For More Information
At the beginning of this article I said that the stat command would reveal an LED code that would point you to the general cause of a crash. While these codes provide the big picture of a crash, suppose you want more information? Enter the Machine State Save Area (mst) command. Among other things, mst displays a wealth of information on your hardware. But in diagnosing a system dump, a few lines at the bottom of mst output are always quite telling:
(0)> mst
… lines omitted …
Except :
orgea 0000000013FFFE30 dsisr 0000000040000000
bit set: DSISR_PFT
vmh 000000FF07FFFFFD curea 0000000013FFFE30
pftyp 0000000000000106
Aha! These last few lines will always start with a section headed by “Except”. As you might expect, Except is short for exception, and it’s these lines that amplify on the LED code. In this output, notice the bit set field; there’s the declaration, DSISR_PFT. If you get that far in reading your dump, always look at this one field; this will be the exact function your system crashed on. Remember: Status will show you the program that caused the crash; bit set will show you the function that was invoked on behalf of the program. In this case, my manual invocation of the dump function caused a data storage interrupt in my page frame table. The system couldn’t deal with that interrupt, so it crashed.
The Kernel Debugger Tool
I could write a book on the kernel debugger tool, but what I’ve said here is plenty for you to get started. I just want to give you an idea of the power and depth you have at your fingertips when you set about diagnosing the causes of a system crash. It’s absolutely worth your while to get to know the kdb well.

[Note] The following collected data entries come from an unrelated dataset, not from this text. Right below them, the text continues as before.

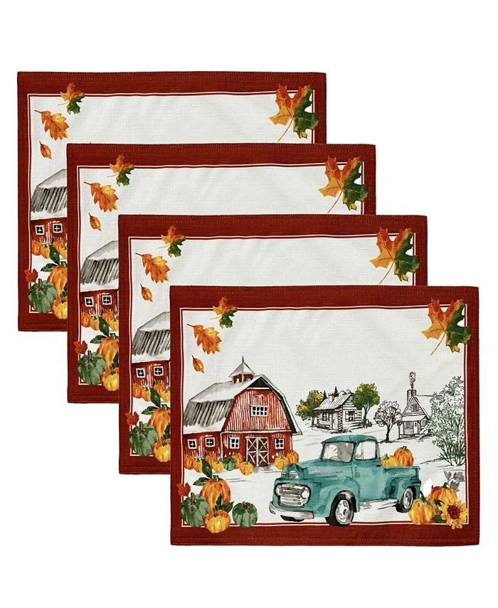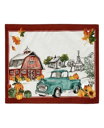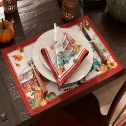 The Farm Fresh Pumpkin Truck printed placemat brings a festive note to table setting throughout the Fall season. Harvest inspired, decorated with orange, green pumpkins, sunflowers, leaves, a blue vintage-like farm truck, rustic red barn on a soft white ground with rust red double border design.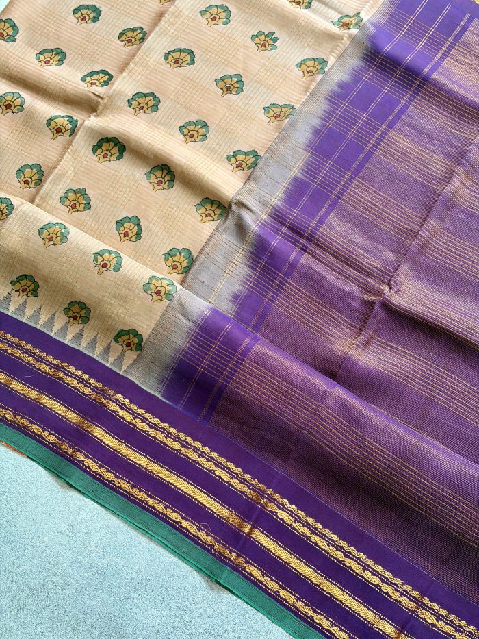 Cream Gadwal Silk with Purple Shot Blue Accents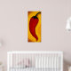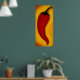 Impression d'une peinture acrylique originale à moi d'un poivre de chili rouge chaud sur un riche arrière - plan jaune doré. Une oeuvre d'art dynamique pour égayer n'importe quel endroit. Copyright peinture originale de Bridget Dedyuhina-Rymell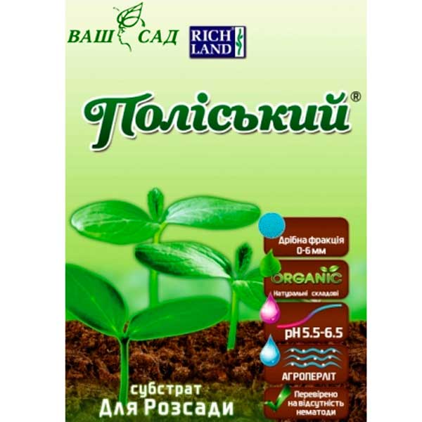 Cубстрат "Поліський" - готова для використання та вирощування спеціальна суміш на основі високоякісних верхових, низинних та перехідних торфів, дрібна фракція яких збільшує площу контакту насіння та коріння з субстратом, що забезпечує краще проростання та вкорінення розсади. Призначений для висіву, пікірування, пасинкування квітів, овочевих та декоративних культур. Об'єм: 5л.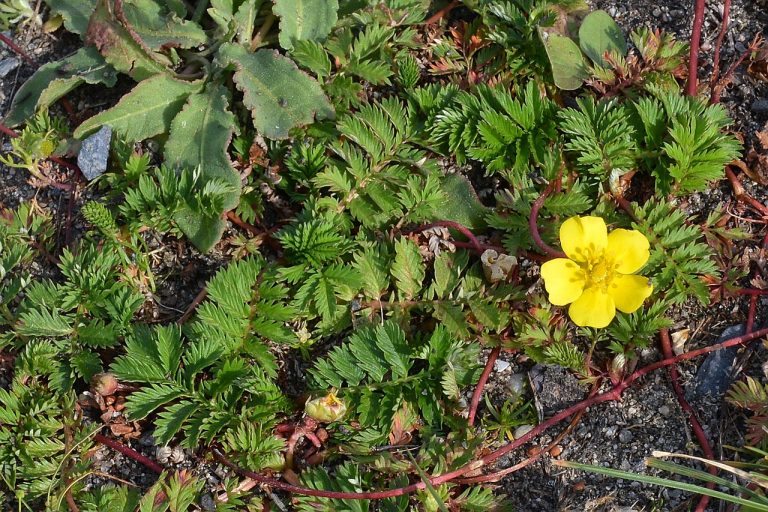 This yellow-flowered, silvery-leaved plant grows low to the ground and has runners that shoot out all over to establish new plants, just like its ...

Additional kdb Information
Need more info on all the commands the kdb contains? Just enter a question mark (?) at your (0) > prompt and hit the enter key. Every command available to you in the particular version of AIX you’re running will be listed here. Also visit the IBM Knowledge Center to see a section devoted to the kdb. It’s basically in manpage format, but it will give you insight into the kdb’s many commands. The kdb is really the only game in town if you want to read an AIX system dump. Once you take a little time to get used to the way the kdb presents its information, you’ll be able to effectively diagnose system dumps.